Best practices for tracking mobile devices
Safeguard against loss, liability with strict written policies
How do you keep track of something that by its very name is mobile? That’s the question facing IT administrators as mobile phones and tablets enter the infrastructure. A second question: How do you limit your liability should a device go missing?
From a device management standpoint, before a mobile device is handed to an employee, it should be tagged with a unique identifier that is externally visible. In addition, devices should be inventoried and logged in and out manually every time they are assigned. Loaner devices or tablets that are used on premises are especially vulnerable since, unlike laptops, they can’t be fitted with cable locks to make sure they stay put. Another best practice: Every device — whether tablet, mobile phone or smartphone — should be issued with a case.
“Assume any device you give out is going to be dropped several times, left in a restaurant, and given to a child to amuse him or her,” said Sascha Segan, lead analyst for mobile devices at PCMag.com. “People are butterfingers. People get drunk and leave their prototype iPhones in beer gardens, and everyone uses Angry Birds to entertain their toddlers.”

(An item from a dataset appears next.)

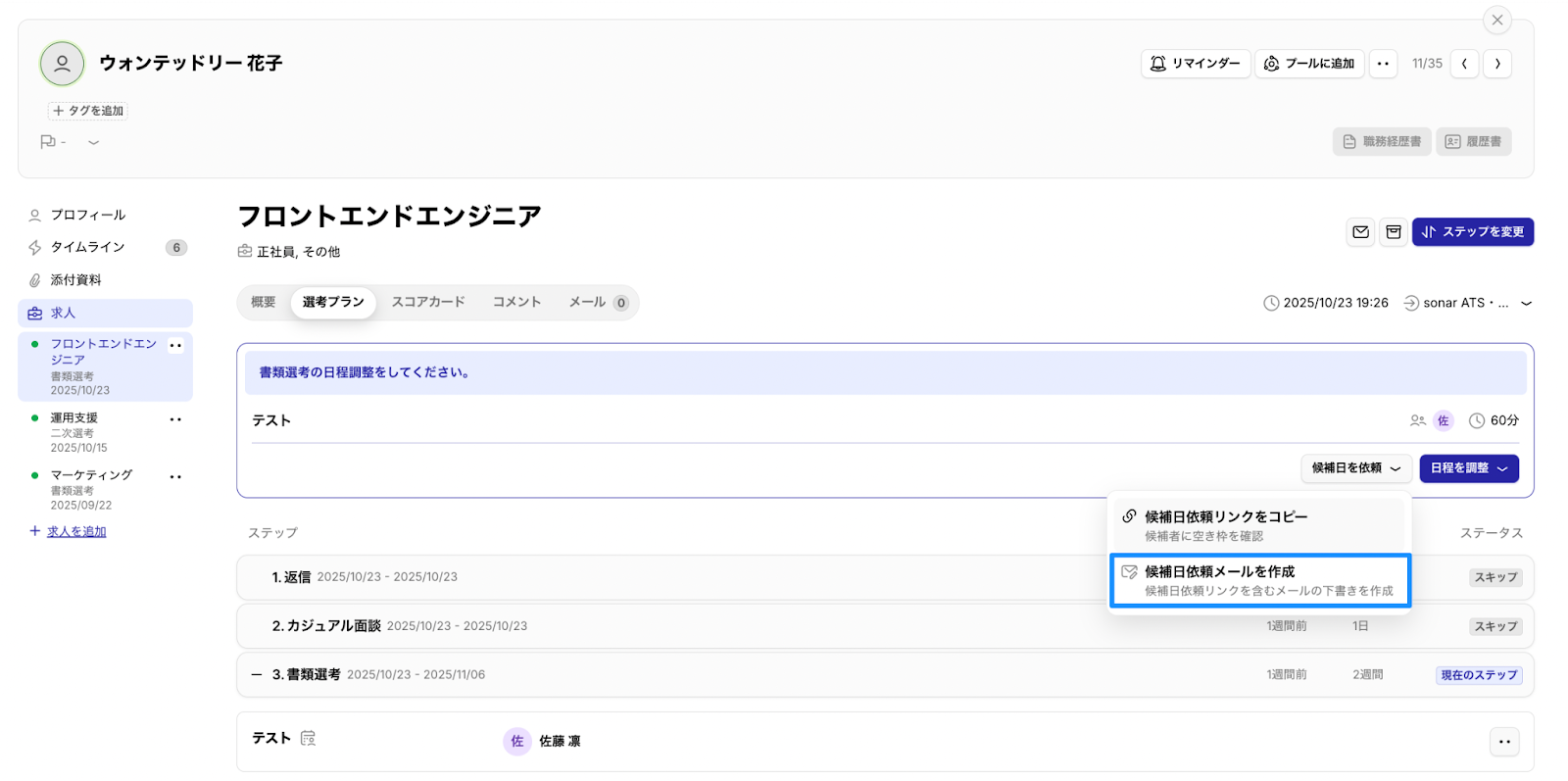 候補者に「日程調整リンク」を送付するメール作成時に選択されます
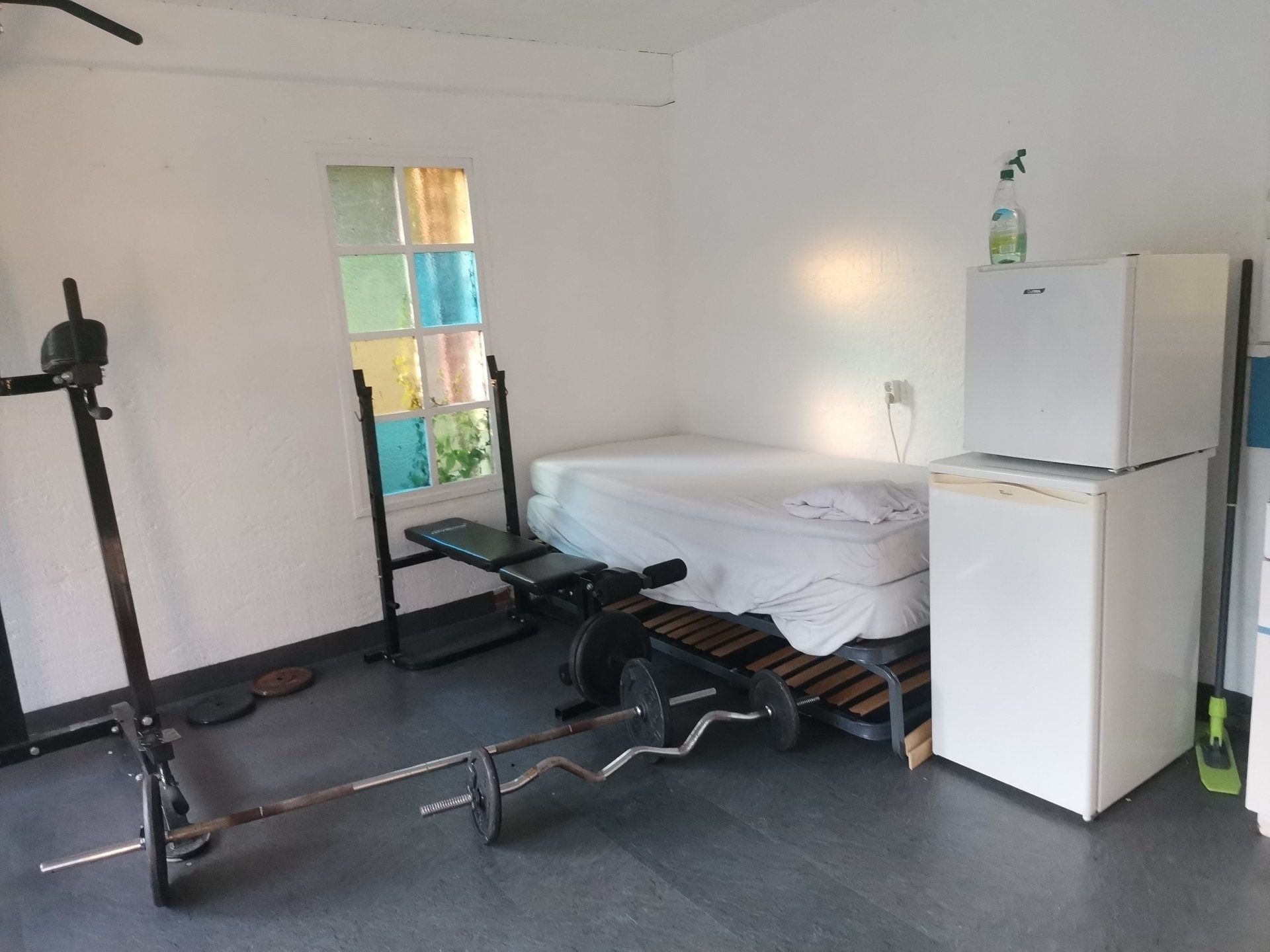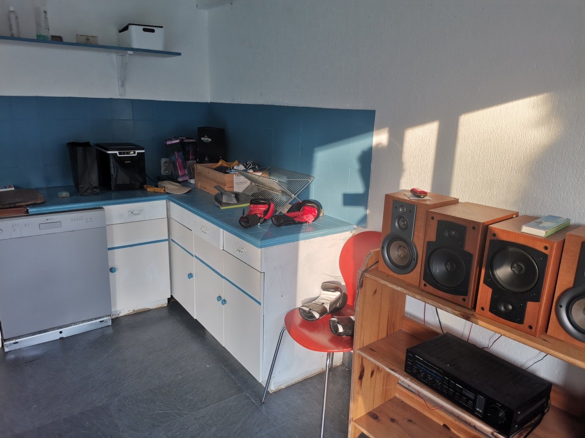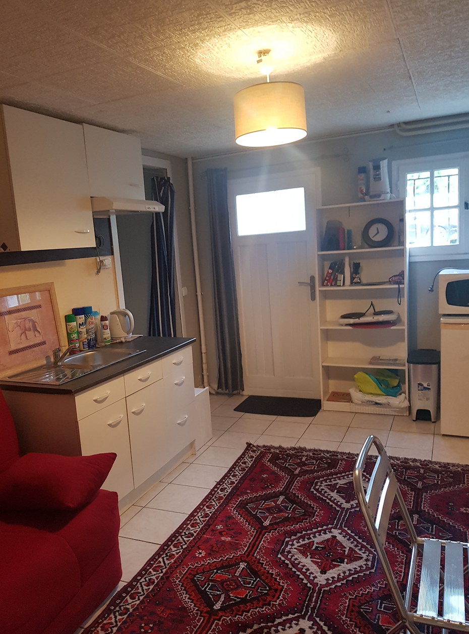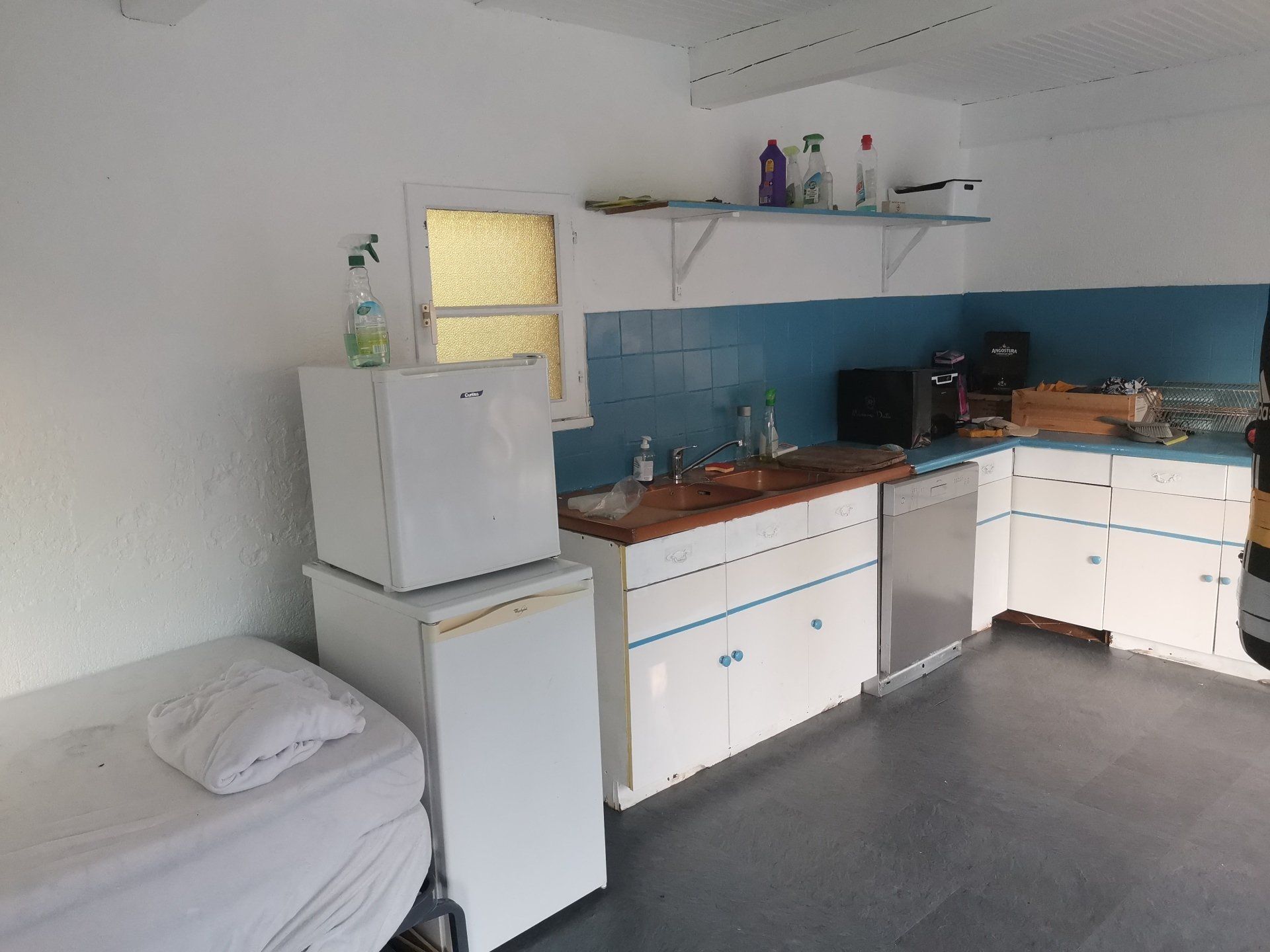 Cuisine d'été avec refrigérateur, congélateur et machine à glaçons.

When it comes to safeguarding a device against loss, IT departments may want to take a page from the State of Iowa’s playbook. The organization maintains strict written policies that help minimize risk should a device be lost. Devices – all of which must be password-protected -- must have the ability to be remotely erased and disabled after 10 unsuccessful password attempts, and when they are reported lost or stolen. They are also instantly locked after a maximum of 15 minutes of inactivity, and, among other policies, are erased entirely when an employee leaves government employment or no longer needs a mobile device for state business – even if that device is owned by the end user. The State of Illinois has similar policies in place, but it also requires all devices to be virus scanned before connecting to any state IT systems.
These are policies that should be emulated, said Richard Schum, senior industry analyst at INPUT, and augmented by centralized administration, which can help agencies cut down on loss, he said. “One of the major aspects of security that is sometimes overlooked is what happens if you have a phone out there that’s been lost? This is one of the reasons that we think central management and administration of mobile devices is so important for agencies and subagencies,” he said. “When you have oversight, you can quickly mitigate risks.” As an added benefit, centralized management can also help keep carrier charges in check, he said. “When you’re dealing with third-party carriers, you don’t want to have a million different plans. You want one or two that give you what you need at the right price.”
With 72 percent of all organizations reporting that they have adopted mobile communications, and only 3 percent saying that mobile isn’t in their plans, according to a recent INPUT study, not to mention the fact that an average of 13 percent of respondents’ budgets is being used for wireless communications, such policies are critical.
“When done right, enabling mobile devices becomes very powerful for users and administrators,” explains PCMag.com’s Segan.